Mente tra le più effervescenti e al contempo riflessive del panorama cinematografico, Ang Lee è un regista talmente eccletico da rendere vana qualsiasi etichetta. Se con gli esordi orientali (Ragione e sentimento in primis) il regista di Taiwan gettava le basi per una filmografia incentrata su conflitti familiari e classisti, il successivo sbarco a Hollywood ha sovvertito con una volontà molto impulsiva nella sperimentazione, quasi adolescenziale, molte convenzioni della Fabbrica dei Sogni del Cinema. Ad Ang Lee si attribuisce lo sdoganamento del Wǔxiá, ovvero il “cappa e spada dagli occhi a mandorla”, presso i lidi hollywoodiani (La tigre e il dragone); l’aver anticipato Christopher Nolan e Sam Raimi sul fronte del cinecomic dal taglio introspettivo (il sottovalutato Hulk con Eric Bana); la declinazione ultima del western gay rude ma emotivamente struggente (I segreti di Brokeback Mountain); e, in ultimum, la creazione di mondi e storie visionarie rese possibili grazie all’impiego della tecnologia 3D portata alle sue estreme conseguenze (Vita di Pi).
Gemini Man, in sala dal 10 ottobre 2019, condivide con Vita di Pi la volontà di sperimentare con la tecnologia, ma a differenza della pellicola tratta dal romanzo di Yann Martel, l’ultima opera del cineasta due volte Premio Oscar con protagonista Will Smith predilige soprattutto la forma al contenuto, regalando al pubblico un action di intrattenimento puro e spensierato che sul versante visivo offre uno spettacolo che è vera festa per gli occhi. La trama di Gemini Man si avvicina molto ai plot di molte pellicole di film d’azione contaminati con la fantascienza che invadevano i cinema tra gli anni Novanta e i primi Duemila: l’affidabile sicario Henry Brogan (Smith) ha raggiunto la cinquantina, e per lui è giunto il momento di ritirarsi dall’attività mercenaria. La scelta dell’uomo non è accolta di buon grado dalla DIA (Defence Intelligence Agency), società per la quale egli aveva prestato le sue doti, che subito mette sulle sue tracce un altro feroce serial killer che possiede le stesse sembianze di Brogan, solo più giovane.

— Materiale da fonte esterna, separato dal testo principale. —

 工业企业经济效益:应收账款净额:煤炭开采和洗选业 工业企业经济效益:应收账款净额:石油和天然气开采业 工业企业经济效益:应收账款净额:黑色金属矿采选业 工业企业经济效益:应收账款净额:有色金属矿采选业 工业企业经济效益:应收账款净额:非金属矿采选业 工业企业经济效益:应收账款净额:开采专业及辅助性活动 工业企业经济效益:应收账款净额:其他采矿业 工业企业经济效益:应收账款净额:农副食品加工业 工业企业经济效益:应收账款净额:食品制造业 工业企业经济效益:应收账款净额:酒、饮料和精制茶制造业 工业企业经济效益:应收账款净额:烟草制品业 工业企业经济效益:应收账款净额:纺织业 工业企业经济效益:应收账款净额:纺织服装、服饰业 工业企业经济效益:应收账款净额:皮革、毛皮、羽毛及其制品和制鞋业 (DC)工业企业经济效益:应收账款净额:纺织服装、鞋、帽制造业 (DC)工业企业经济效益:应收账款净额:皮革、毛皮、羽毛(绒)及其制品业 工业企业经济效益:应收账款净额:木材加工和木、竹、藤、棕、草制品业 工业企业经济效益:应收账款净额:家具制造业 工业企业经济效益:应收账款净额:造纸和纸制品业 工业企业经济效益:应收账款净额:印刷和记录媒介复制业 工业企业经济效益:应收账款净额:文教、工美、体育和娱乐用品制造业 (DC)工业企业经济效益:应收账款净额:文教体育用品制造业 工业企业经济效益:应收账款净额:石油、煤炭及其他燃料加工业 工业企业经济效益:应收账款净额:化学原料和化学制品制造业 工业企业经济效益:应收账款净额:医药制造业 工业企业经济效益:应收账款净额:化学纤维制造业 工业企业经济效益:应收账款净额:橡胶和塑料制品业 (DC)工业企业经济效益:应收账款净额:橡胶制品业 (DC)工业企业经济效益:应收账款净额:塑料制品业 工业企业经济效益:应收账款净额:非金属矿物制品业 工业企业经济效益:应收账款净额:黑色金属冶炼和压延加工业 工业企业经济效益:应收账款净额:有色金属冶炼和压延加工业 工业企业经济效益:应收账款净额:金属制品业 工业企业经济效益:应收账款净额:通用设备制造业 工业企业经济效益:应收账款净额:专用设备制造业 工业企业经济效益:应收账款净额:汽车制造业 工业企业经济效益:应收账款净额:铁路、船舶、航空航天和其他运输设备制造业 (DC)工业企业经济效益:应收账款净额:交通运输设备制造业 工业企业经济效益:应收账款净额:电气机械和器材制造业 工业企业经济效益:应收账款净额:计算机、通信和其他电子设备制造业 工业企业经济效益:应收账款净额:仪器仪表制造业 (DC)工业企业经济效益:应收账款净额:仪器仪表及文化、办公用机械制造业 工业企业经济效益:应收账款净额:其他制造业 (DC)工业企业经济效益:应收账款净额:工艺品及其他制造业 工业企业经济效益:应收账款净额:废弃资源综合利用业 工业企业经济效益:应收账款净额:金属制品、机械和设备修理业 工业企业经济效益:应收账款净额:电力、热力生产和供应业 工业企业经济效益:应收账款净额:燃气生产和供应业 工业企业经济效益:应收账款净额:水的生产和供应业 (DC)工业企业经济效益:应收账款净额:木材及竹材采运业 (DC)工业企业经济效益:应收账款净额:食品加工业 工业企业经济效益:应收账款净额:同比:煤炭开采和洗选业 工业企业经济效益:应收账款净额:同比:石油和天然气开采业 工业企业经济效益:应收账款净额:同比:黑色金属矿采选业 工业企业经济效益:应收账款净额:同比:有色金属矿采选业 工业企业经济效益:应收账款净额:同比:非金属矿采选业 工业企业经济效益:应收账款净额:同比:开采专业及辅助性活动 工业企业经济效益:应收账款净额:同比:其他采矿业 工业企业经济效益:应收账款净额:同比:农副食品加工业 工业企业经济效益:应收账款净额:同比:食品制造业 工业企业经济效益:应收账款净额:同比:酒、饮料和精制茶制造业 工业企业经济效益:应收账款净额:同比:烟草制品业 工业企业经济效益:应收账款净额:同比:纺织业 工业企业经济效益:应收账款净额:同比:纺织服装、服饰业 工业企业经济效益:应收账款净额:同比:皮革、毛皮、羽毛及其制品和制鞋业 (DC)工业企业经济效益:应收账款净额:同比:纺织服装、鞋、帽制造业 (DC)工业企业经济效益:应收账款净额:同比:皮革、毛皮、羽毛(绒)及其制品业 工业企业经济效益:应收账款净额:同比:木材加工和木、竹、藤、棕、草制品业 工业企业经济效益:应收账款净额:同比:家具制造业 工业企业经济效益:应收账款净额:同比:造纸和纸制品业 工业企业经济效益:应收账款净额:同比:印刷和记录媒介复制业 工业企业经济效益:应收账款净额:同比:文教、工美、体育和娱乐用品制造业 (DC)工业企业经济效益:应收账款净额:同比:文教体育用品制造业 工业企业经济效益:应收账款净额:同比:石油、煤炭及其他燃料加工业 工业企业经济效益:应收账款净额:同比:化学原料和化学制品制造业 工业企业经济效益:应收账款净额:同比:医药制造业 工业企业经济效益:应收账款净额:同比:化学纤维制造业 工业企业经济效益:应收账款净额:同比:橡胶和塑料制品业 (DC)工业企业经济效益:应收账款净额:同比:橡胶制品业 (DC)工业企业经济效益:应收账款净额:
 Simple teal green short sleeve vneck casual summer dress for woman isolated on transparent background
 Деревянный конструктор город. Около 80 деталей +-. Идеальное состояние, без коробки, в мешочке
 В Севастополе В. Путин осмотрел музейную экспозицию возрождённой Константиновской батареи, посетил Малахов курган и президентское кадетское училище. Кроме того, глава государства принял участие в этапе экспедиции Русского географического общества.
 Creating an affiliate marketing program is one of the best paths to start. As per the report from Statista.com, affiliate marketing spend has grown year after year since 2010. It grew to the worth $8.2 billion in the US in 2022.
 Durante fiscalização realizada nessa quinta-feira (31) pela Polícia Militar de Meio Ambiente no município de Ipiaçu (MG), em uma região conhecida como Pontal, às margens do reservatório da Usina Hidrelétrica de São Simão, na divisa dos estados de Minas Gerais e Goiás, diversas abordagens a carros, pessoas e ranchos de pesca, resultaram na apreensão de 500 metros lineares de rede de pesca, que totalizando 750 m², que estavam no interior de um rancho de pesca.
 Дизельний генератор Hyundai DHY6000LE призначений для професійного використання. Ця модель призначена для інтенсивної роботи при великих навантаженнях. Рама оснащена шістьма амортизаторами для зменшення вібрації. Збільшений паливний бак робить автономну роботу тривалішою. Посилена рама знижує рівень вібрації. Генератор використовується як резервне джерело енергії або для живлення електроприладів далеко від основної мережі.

La sceneggiatura (scritta, tra gli altri, dal David Benioff di Game of Thrones) non offre nulla di particolarmente innovativo, preferendo adagiarsi sui canoni del genere, senza sorprese o grandi colpi di scena, mentre il tema del doppio, esplicitato fin dal titolo, viene trattato più come semplice pretesto per il frenetico spettacolo d’azione. Questo disimpegno nella costruzione della struttura narrativa si riflette, inevitabilmente, pure sui nomi coinvolti nel cast artistico, da Smith a Clive Owen, i quali non offrono interpretazioni che vadano oltre il compitino svolto con professionalità. Il tutto è imbastito solo per far sì che siano la regia di Lee e il mestiere dei vari tecnici a valorizzare l’imprinting dell’insieme filmico, e sotto questo aspetto non c’è proprio da lamentarsi. L’High Frame Rate di 120 fotogrammi al secondo (sei volte maggiore rispetto alla tradizionale velocità di proiezione, di 24 fps), l’iperrealismo delle coreografie di combattimento e l’impiego della tecnica del de-aging che ringiovanisce gli attori presenti sullo schermo, ben contribuiscono alla riuscita sensoriale, da giro concitato sull’ottovolante.
Considerati i precedenti del regista, Gemini Man è un deciso passo indietro per la filmografia di Lee, qui più attento alla resa estetica inattaccabile che all’assemblaggio di un lungometraggio che vada oltre una certa mediocrità di fondo. Ma con la giusta dose di spallucce (e soprattutto di sospensione dell’incredulità), Gemini Man offre comunque un paio d’ore di onesto spettacolo pop-corn scevro da ambizioni, ben confezionato, del quale tutto sommato non si rimpiange il prezzo del biglietto.